The invisible link


© Wai Seto

The Internet has been known to be good at connecting people and machines together. Traditional connection media are baseband (single frequency signal) or broardband (multiple frequency signals). These technologies work well, if the people or machines are stationary. However, the fact is we don't want to be stationary. We want to be mobile, and keep moving. Therefore we are searching for the invisible link, no physical media attached. WAP provides such an invisible link for the Internet. In this issue, we explore how this invisible link works over thin air.

ABC of WAP Last article we have looked at how WAP works in general. A quick recap is that contents are generated by WML, Wireless Markup Language. Microbrowsers are used on small wireless devices to read WML contents and navigate through the contents.

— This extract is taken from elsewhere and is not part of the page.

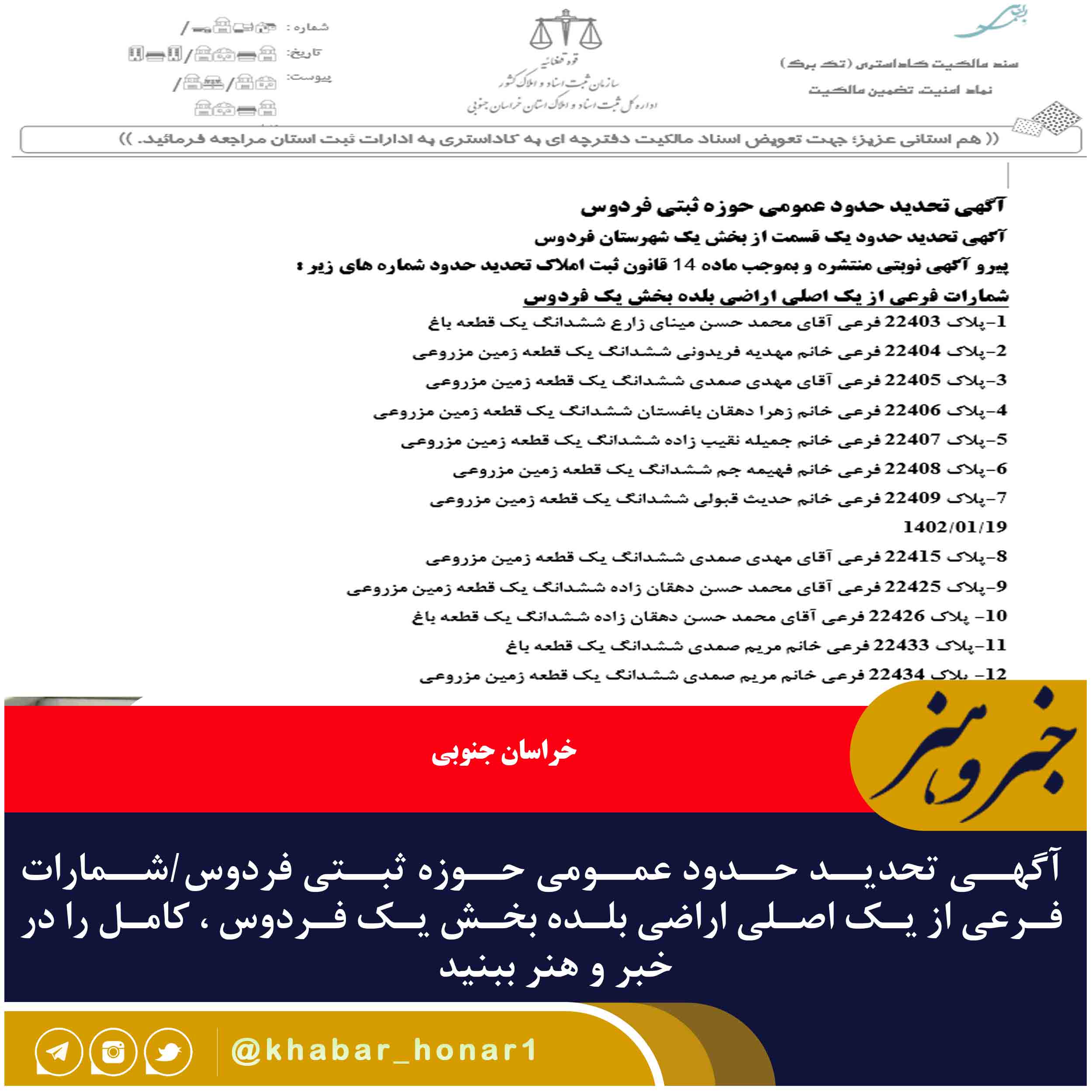 آگهی تحدید حدود عمومی حوزه ثبتی فردوس

Behind the scene, there is a WAP Server (or Gateway) that handles traffic between the devices and content servers (web servers on the Internet).

This time we are going to look at how the wireless devices communicate with WAP Gateway. When it comes to network communication, the buzz word 'protocol' should be the first thing we think about. In short, protocol is a set of rules that dictates the way of communications between two parties.

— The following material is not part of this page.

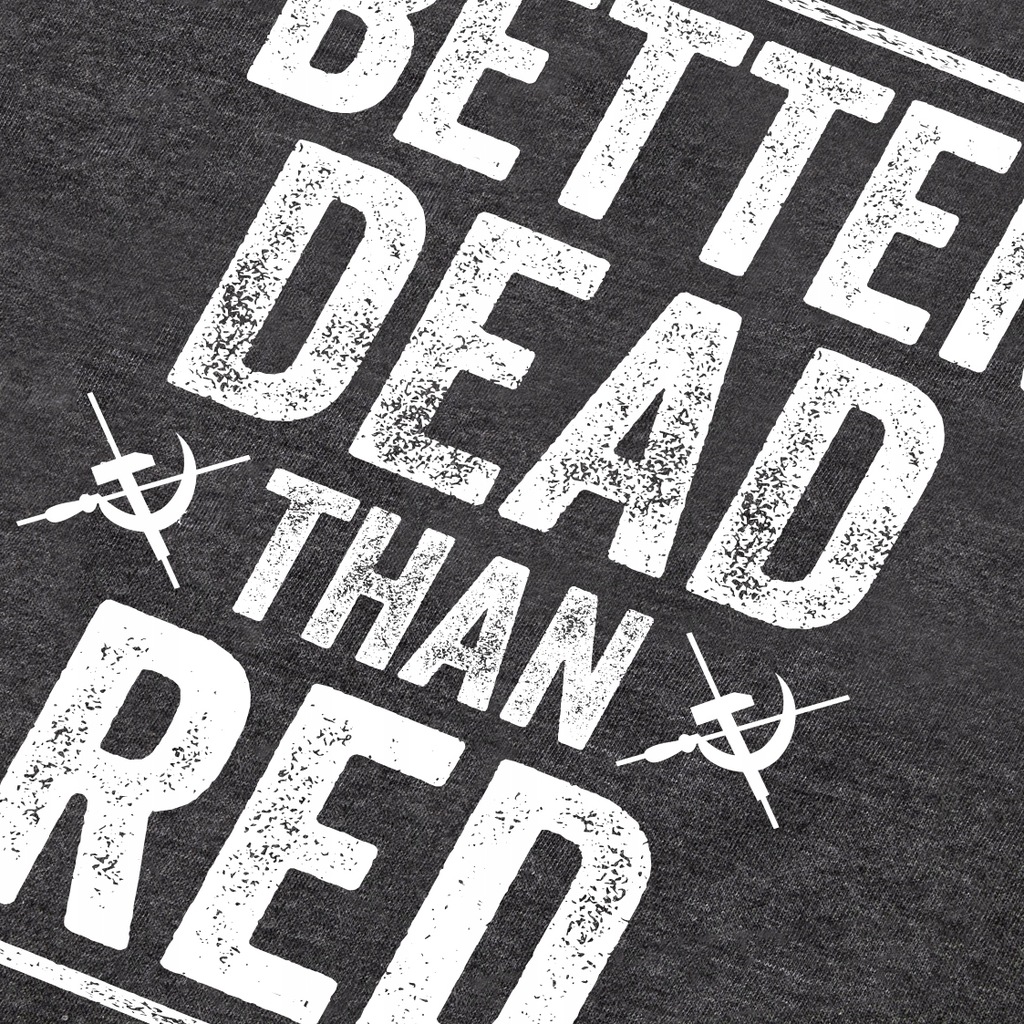 Koszulka z międzynarodowym antykomunistycznym hasłem "Better Dead Than Red" ("Lepiej być martwym niż czerwonym").

WSP, Wireless Session Protocol, is defined in WAP to provide a session service to wireless applications for cilient/server communications. Same to all other components under WAP, there are two major considerations when these components are being design, latency and low-bandwidth. Before we dig deep into this protocol, a quick mental note should be made. WSP is designed to provide (not limited to) browsing capability. At first sight, it can be looked at HTTP's sibling. (only smarter) This protocol provide the following features to wireless applications.

1. It handles the establishing and releasing of reliable sessions between client (e.g. mobile phones) and server (WAP gateway).

2. The protocol provides client and server capability negotiation. Elements such as Protocol Data Unit size and maximum outstanding requests are agreed on a session bases.

3. WSP also defines compact encoding for content exchange between client and server. The intention of encoding is to actually minimize data that have to go over the link. This is a big improvement on content size over HTTP. (HTTP transmit all headers and contents as plain text).

4. Another feature that makes WSP efficient over wireless links is the suspend and resume session capability. WSP allows session to last over weeks and months. This implies that session setup and negotiation can be done once and be reused overtime. Current HTTP sessions are created for every connection, and are shutdown down after a HTML page is loaded.